Note all this information, and in further detail, can be found in the Orleans documentation. Orleans works off of a few concepts:
- Grains — the “virtual actors” and/or “primitives” that are described in the actor model definition above. Grains are the objects that actually contain your logic that is to be distributed. Each individual grain is guaranteed to operate in a single-threaded execution model as to greatly simplify the programming, and avoid race conditions. The grains are written in an asynchronous manner, and are intended for very fast running operations (< 200ms IIRC) — though I’m using it for operations that take MUCH longer, maybe I can do a post about that at some point if everything works!
- Silos — the area where your “grains” are kept. A silo can contain many grain types, as well as many instantiations of those types, depending on your needs.
- Clusters — a collection of silos. This allows for the “scale out” portion of Orleans. If more or less resources are needed, you can simple register or kill silos on your cluster. Scaling made easy!

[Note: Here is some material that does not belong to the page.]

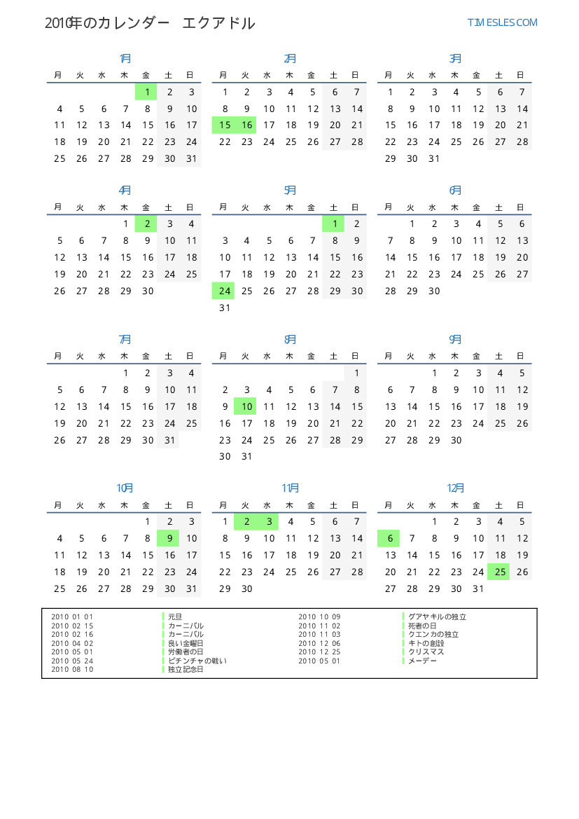 エクアドル向け2010年の休日と週末を含むPDFカレンダーをダウンロードして印刷します

Example Orleans Application
I’m hoping I can put together some more functional application as I learn more, but just to get started…

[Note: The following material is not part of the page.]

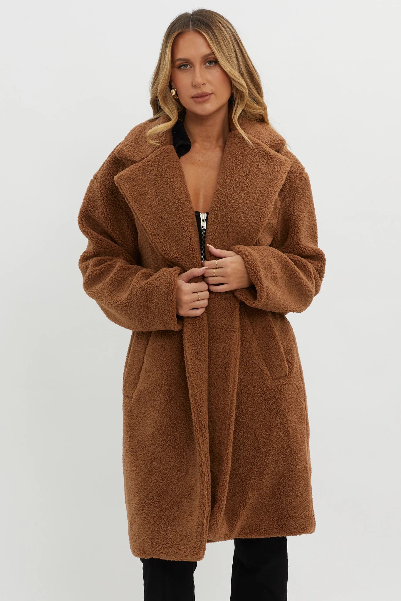 Snuggle up in our chic Alaska coat. Featuring a super soft, sherpa fabric and a collared neckline. It's perfect for cooler days when you need to get cozy without sacrificing style. Throw it on over your fave Fall 'fit or a satin mini dress and tights for a night out with the girls.

An Orleans application consists of a few separate pieces, generally all as separate projects:
- Grain interfaces
- Grain implementations
- Orleans Silo host
- Orleans Client
Let’s get started!
- Ensure you have the .net core sdk installed as well as an IDE of choice — like Visual Studio or Visual Studio Code
- Run a few commands to get our projects started:
dotnet new console -n Kritner.OrleansGettingStarted.Client
dotnet new console -n Kritner.OrleansGettingStarted.SiloHost
dotnet new classlib -n Kritner.OrleansGettingStarted.GrainInterfaces
dotnet new classlib -n Kritner.OrleansGettingStarted.Grains
- Add NuGet packages through the manager, console, or csproj file to look like…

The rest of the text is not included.